All About Distributions

Lab 2A

Directions: Follow along with the slides and answer the questions in red font in your journal.

In the beginning ...

  • Most of the labs thus far have covered how to visualize, summarize, and manipulate data.
    • We used visualizations to explore how your class spends their time.
    • We also learned how to clean data to prepare it for analyzing.
  • Starting with this lab, we'll learn to use R to answer statistical questions that can be answered by calculating the mean, median and MAD.

How to talk about data

  • When we make plots of our data, we usually want to know:
    • Where is the bulk of the data?
    • Where is the data more sparse, or thin?
    • What values are typical?
    • How much does the data vary?
  • To answer these questions, we want to look at the distribution of our data.
    • We describe distributions by talking about where the center of the data are, how spread out the data are, and what sort of shape the data has.

Let's begin!

  • Export, upload and import your class' Personality Color data.
    • Name your data colors when you load it.
  • Before analyzing a new data set, it's often helpful to get familiar with it. So:
    • Write down the names of the 4 variables that contain the point-totals, or scores, for each personality color.
    • Write down the names of the variables that tell us an observation's introvert/extrovert designation and whether they participated in playing sports.
    • How many variables are in the data set?
    • How many observations are in the data set?

Estimating centers

  • Create a dotPlot of the scores for your predominant color.
    • Pro-tip: If the dotPlot comes out looking wonky, try changing the value of the character expansion argument, cex.
    • The default value is 1. Try a few values between 0 and 1 and a few more values larger than 1.
  • Based on your dotPlot:
    • Which values came up the most frequently? About how many people in your class had a score similar to yours?
    • What, would you say, was a typical score for a person in your class for your predominant color? How does your own score for this color compare?

Means and medians

  • Means and medians are usually good ways to describe the typical value of our data.
  • Fill in the blank to calculate the mean value of your predominant color score:
mean(~____, data = colors)
  • Use a similar line of code to calculate the median value of your predominant color.
    • Are the mean and median roughly the same?
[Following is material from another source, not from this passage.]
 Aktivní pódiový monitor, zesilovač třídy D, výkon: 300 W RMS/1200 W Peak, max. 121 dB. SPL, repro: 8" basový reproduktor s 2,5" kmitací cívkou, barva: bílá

If not, use the dotPlot you made in the last slide to describe why.

Comparing Introverts/Extroverts

  • Make a dotPlot of your predominant color again; but this time, facet the plot based on the introvert/extrovert variable.
  • Use a line of code, using similar syntax to how you facet plots, to calculate a value that describes the center of your predominant color for introverts and extroverts.
    • Do introverts or extroverts differ in their typical scores for your predominant color? Answer this statistical question using your dotPlot.
  • Assign the mean values a name. Then place the name into the diff() function to calculate the difference. How much more/less did introverts/extroverts score over the other for your predominant color?

Estimating Spread

  • Now that we know how to describe our data's typical value we might also like to describe how closely the rest of the data are to this typical value.
    • We often refer to this as the variability of the data.
    • Variability is seen in a histogram or dotPlot as the horizontal spread.
  • Look at the spread of the dotPlot you made for your predominant color then fill in the blank:

Data points in my plot will usually fall within ____ units of the center.
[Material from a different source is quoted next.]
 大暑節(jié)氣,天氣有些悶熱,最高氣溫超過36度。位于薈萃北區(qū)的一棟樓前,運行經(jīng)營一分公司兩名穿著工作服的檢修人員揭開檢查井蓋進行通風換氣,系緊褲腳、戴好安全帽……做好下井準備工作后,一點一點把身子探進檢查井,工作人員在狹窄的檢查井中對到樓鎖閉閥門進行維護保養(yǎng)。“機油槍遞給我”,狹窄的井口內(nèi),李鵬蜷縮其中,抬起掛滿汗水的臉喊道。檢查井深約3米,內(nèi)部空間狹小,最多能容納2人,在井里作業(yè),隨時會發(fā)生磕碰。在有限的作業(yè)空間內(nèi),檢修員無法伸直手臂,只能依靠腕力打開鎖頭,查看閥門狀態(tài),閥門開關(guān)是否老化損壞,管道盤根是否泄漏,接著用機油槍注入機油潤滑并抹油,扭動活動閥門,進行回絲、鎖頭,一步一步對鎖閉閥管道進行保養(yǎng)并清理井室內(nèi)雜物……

  • Which group (introverts and extroverts), if either, seem to have values that are more spread out from the center?

Mean Absolute Deviation

  • The mean absolute deviation finds how far away, on average, the data are from the mean.
    • We often write mean absolute deviation as MAD.
  • Calculate the MAD of your predominant color by filling in the blanks:
MAD(~_____, data = colors)
  • Based on the MAD, which group (introverts or extroverts) has more variability for your predominant color's scores?
    • Does this match the answer you gave for the last question in the previous slide?

On your own

  • Do introverts and extroverts in your class differ in their color scores?
    • Perform an analysis that produces numerical summaries and graphs.
    • Then, write a few sentence interpretations that addresses this statistical question and considers the shape, center and spread of the distributions of the graphs you create.